La oposición cuestionó un planteo del oficialismo para reemplazar la figura del estudio de impacto ambiental a cargo de una universidad pública por una declaración jurada que, según dicen los ambientalistas, "facilitaría el marco jurídico para los desmontes".
También, la agrupación Greenpeace advirtió que esos cambios permitirían una "licencia para desmontar, lo cual implica la destrucción de nuestros últimos bosques nativos y el desalojo de cientos de comunidades campesinas e indígenas en todo el país" y atribuyó esas modificaciones al "lobby sojero que no quiere ningún obstáculo para ampliar indiscriminadamente sus beneficios".

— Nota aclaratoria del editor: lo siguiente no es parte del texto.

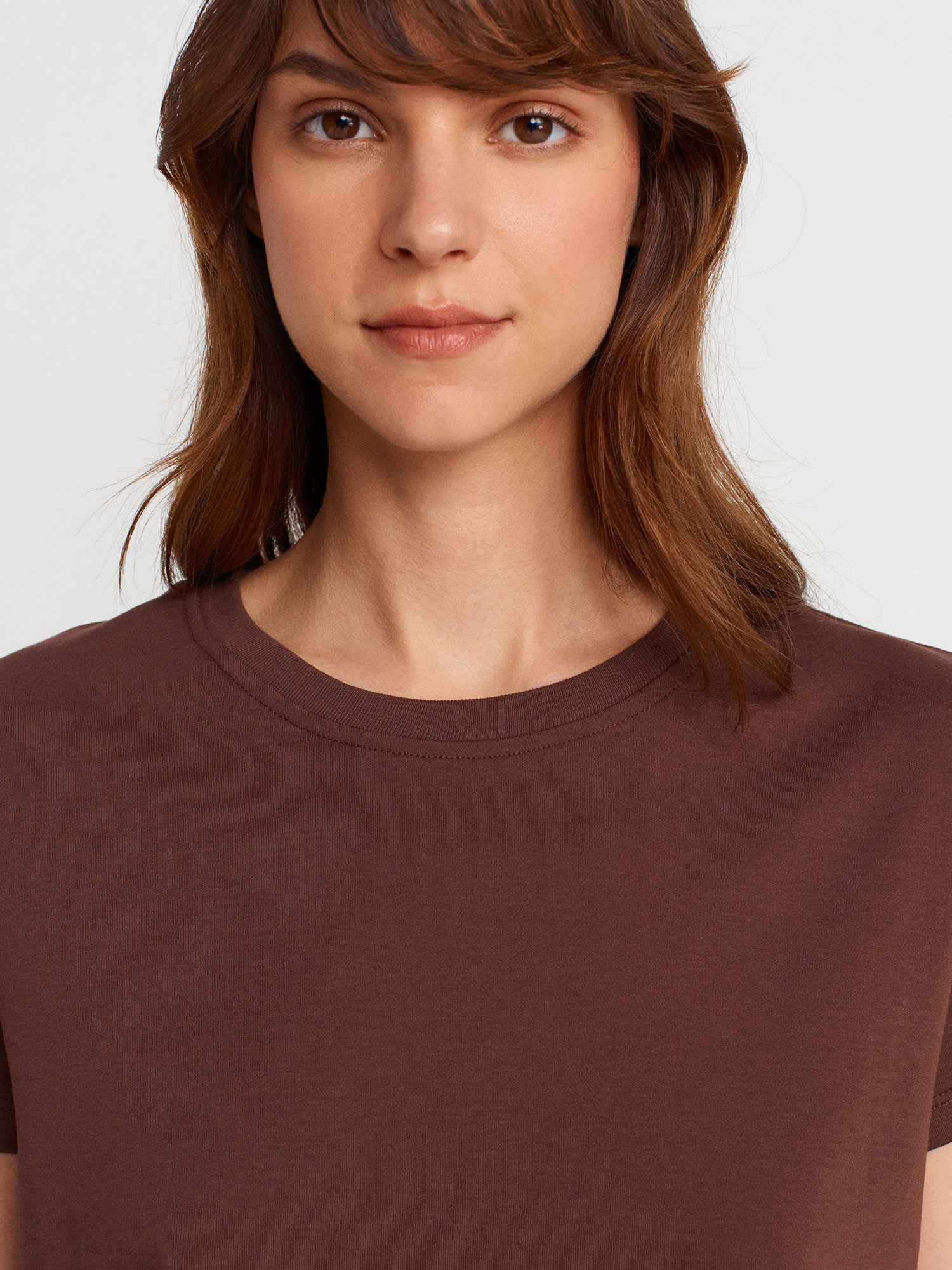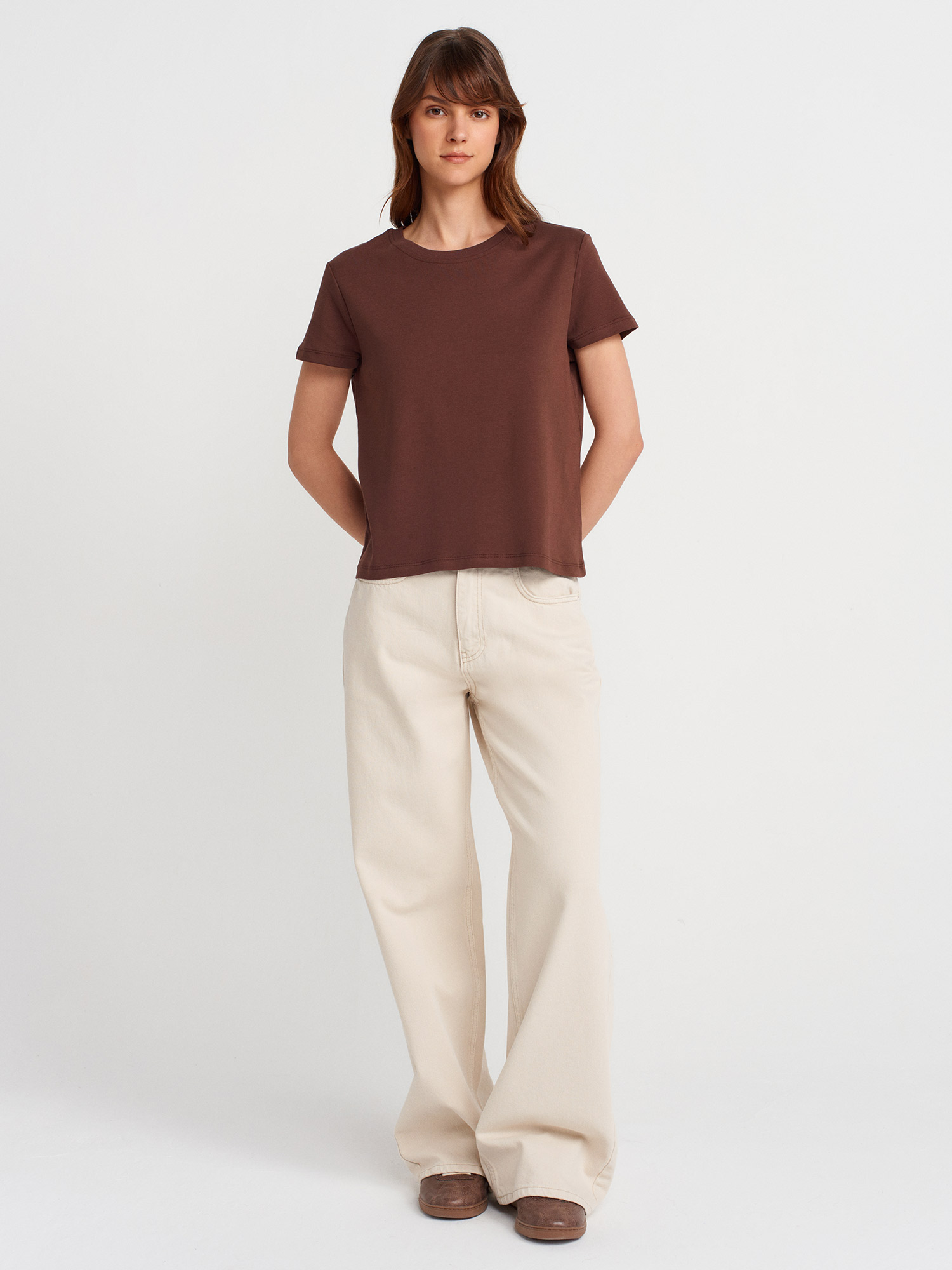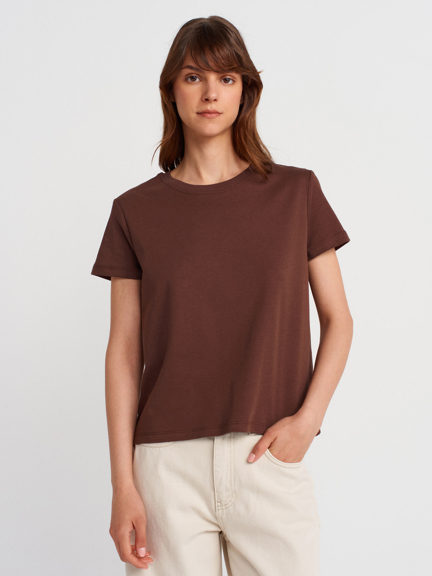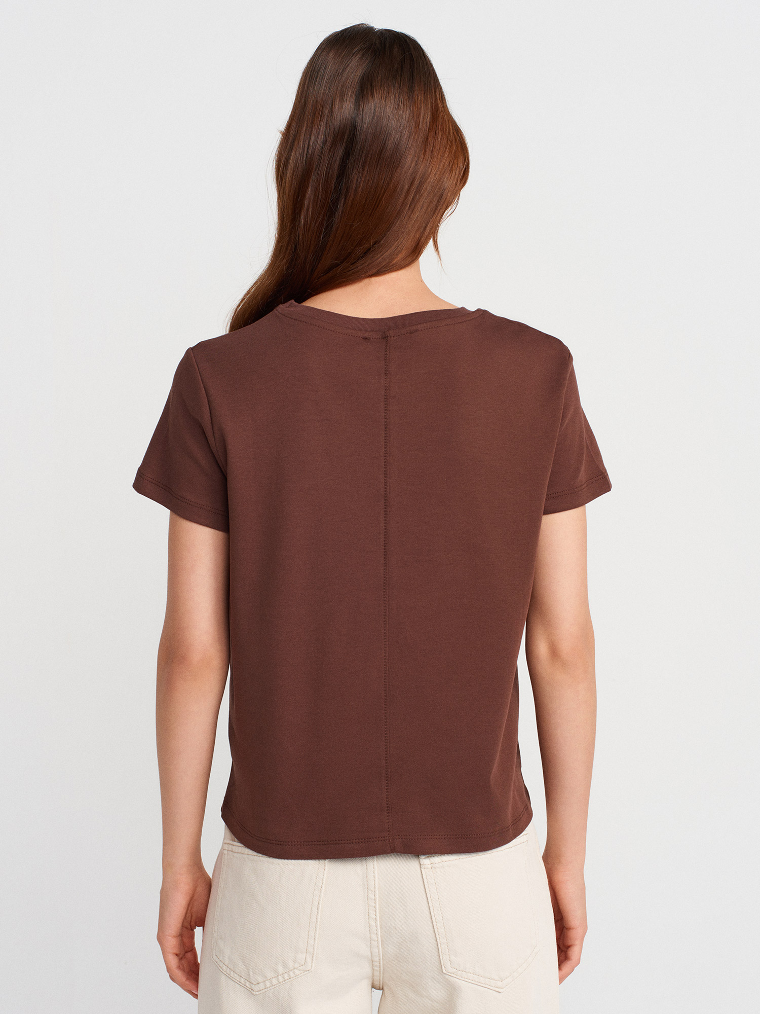 31757 Bisiklet Yaka Dikiş Detaylı T-shirt-Açık Kahve

Al defender la norma, en la sesión del miércoles pasado, Bonasso -titular de la comisión de Recursos Naturales de la cámara baja- había llamado la atención acerca de la urgencia de detener la caída de un árbol nativo cada segundo en la Argentina o la extinción de 4.800 hectáreas bosques por semana.
El texto prohíbe la tala de bosques nativos que sirven de hábitat a pueblos originarios, si es que éstos no prestan un consentimiento expreso por escrito.
Tampoco podrán talarse árboles pertenecientes a bosques en los cuales viven animales cuyas especies se encuentran en peligro de extinción.
El proyecto no prohíbe totalmente el derribamiento de árboles pero lo regula y establece penalidades para quienes continúen con la tala indiscriminada, en muchos casos vinculada a la obtención de áreas cultivables para la producción de soja.